Мы выбрались из самолета. Мои ребята смущены.

— Ну как? Что вы на это скажете? Алпетян стоит с поджатыми губами. Он возмущен до предела:

— Товарищ командир, да кто же его так отделал? Разве можно летать на таком утюге?! Это же верная смерть!

Краснюков, прилаживая к поясу шлемофон, сказал сердито:

— Не машина, а гроб с музыкой!

Морунов промолчал. Он старшина по званию, и ввязываться в разговор офицеров ему не положено. Свои мнения он выскажет друзьям стрелкам.

Подходит техник звена Тараканов, высокий, медлительный, подчеркнуто солидный, как и полагается парторгу. Сейчас у меня к Тараканову отношение настороженное. Он отвечает за состояние материальной части, и машина №9 стоит в графе готовности. Самолет цел: крылья, хвост и шасси на месте, моторы работают нормально. Что еще надо? И тут я должен заявить, что самолет неисправен! Как воспримет он это? Ясно же, все в нем воспротивится, и опять-таки — формально он будет прав.

Но Тараканов неожиданно сам выручает меня.

— Товарищ командир, мы с инженером все выяснили. Удивленно таращу глаза.

— Что именно?

— А как же, Кармин на бреющем в деревья вмазал!

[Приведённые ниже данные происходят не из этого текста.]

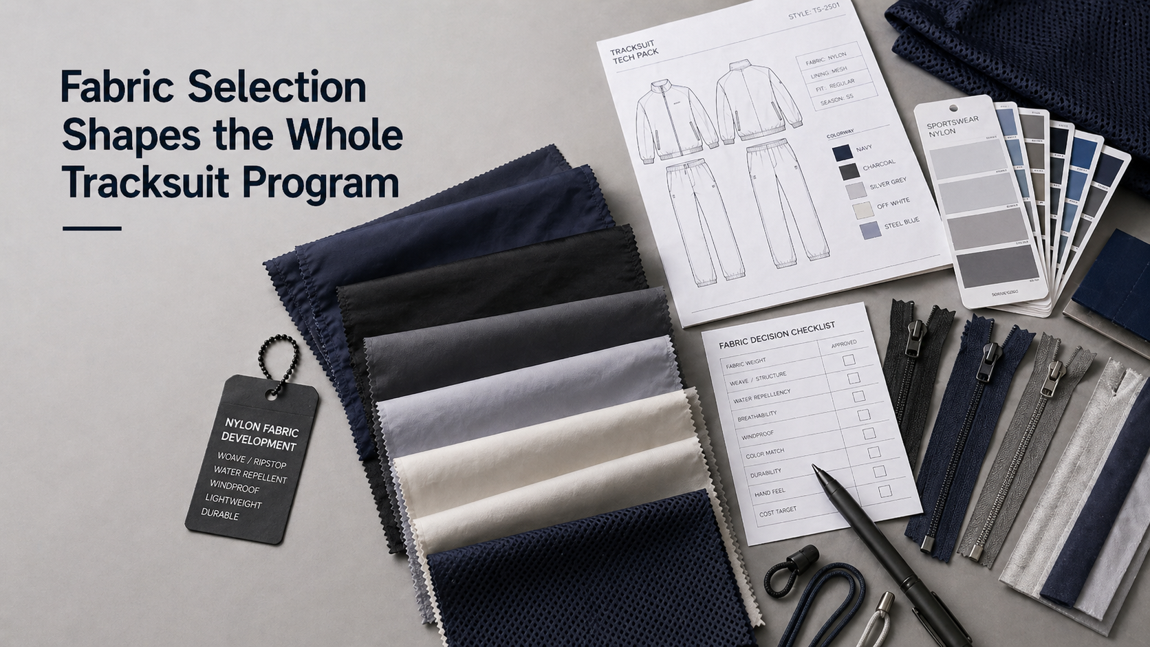 Nylon fabric choice affects the look, hand feel, comfort, structure, cost, and production stability of a custom tracksuit. For private label brands, the fabric is not just a material decision. It influences fit, lining, trims, logo methods, sample revisions, and bulk production consistency.

У меня даже дух захватило от такого сообщения. Уж я-то знаю, что значит врезаться на бреющем в деревья!

— А как же!.. Как же он жив-то остался?! Подошел инженер эскадрильи.

— Что будем делать? — обратился я к Гриневу. — Самолет разрегулирован и к полету негоден. Инженер пожал плечами и, словно ища поддержки, растерянно взглянул на Тараканова.

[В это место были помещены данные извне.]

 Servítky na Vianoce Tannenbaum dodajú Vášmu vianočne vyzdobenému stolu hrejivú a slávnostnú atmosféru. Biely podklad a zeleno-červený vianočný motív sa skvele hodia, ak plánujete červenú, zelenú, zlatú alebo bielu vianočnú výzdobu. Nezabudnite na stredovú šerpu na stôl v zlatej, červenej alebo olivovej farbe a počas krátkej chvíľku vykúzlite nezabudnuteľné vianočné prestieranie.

— Сложно все это, — произнес он, глядя под ноги. — Командир полка знает, что Карпин врезался в деревья, но машина-то цела, и значит, ничего не произошло!

— Да, да, конечно! — вставил я. — Вы хотите оказать, что при таком положении никто не возьмет на себя смелость отставить самолет от полета? Так ведь?

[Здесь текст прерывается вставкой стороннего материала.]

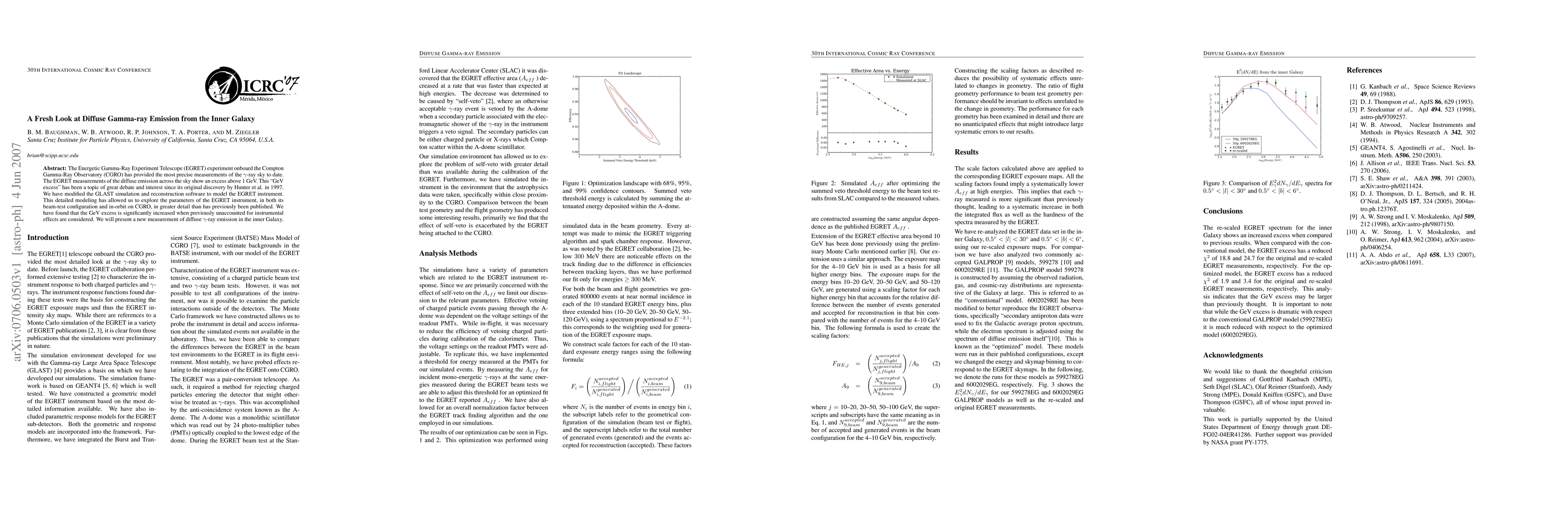 The Energetic Gamma-Ray Experiment Telescope (EGRET) experiment onboard the Compton Gamma-Ray Observatory (CGRO) has provided the most precise measurements of the gamma-ray sky to date. The EGRET measurements of the diffuse emission across the sky show an excess above 1 GeV. This ``GeV excess'' has been a topic of great debate and interest since its original discovery by Hunter et al. in 1997. We have modified the GLAST simulation and reconstruction software to model the EGRET instrument. This detailed modeling has allowed us to explore the parameters of the EGRET instrument, in both its beam-test configuration and in-orbit on CGRO, in greater detail than has previously been published. We have found that the GeV excess is significantly increased when previously unaccounted for instrumental effects are considered. We will present a new measurement of diffuse gamma-ray emission in the inner Galaxy.

— Да, — согласился инженер. — Ведь если "девятка" не полетит, тогда придется давать объяснения и выявлять виновных. А Карпина за это по головке не погладят: дело подсудное. Значит, ЧП! Командиру полка, неприятность.

Тараканов нетерпеливо кашлянул. Я повернулся к нему:

— А каково ваше имение как парторга?

— Ставить самолет на прикол, раз он плохо ведет себя в воздухе! — твердо сказал Тараканов. — Мы попробуем его исправить. Но это сложно. Нужно повозиться несколько дней.

На том и порешили. Я позвонил в штаб и сказал Ермашкевичу, что "девятка" неисправна и в бой не пойдет.

Боевое задание полк получал на КП аэродрома. Мы сидели в большой уютной землянке, за тремя рядами длинных столов, заваленных сейчас шлемофонами, планшетами, развернутыми картами. Командир полка, начальник штаба, начальник связи, метеоролог — все на своих местах. Командир явно не в духе, и только я, наверное, один догадывался — почему.

Вот он встает, поднимаясь тяжелой глыбой, упирается кулачищами в стол и, глядя перед собой, как это обычно делают люди, твердо убежденные в своей правоте, без всяких предисловий задает вопрос:

— Командир первой эскадрильи, почему вы не проставили в боевом расписании экипаж младшего лейтенанта Красавцева?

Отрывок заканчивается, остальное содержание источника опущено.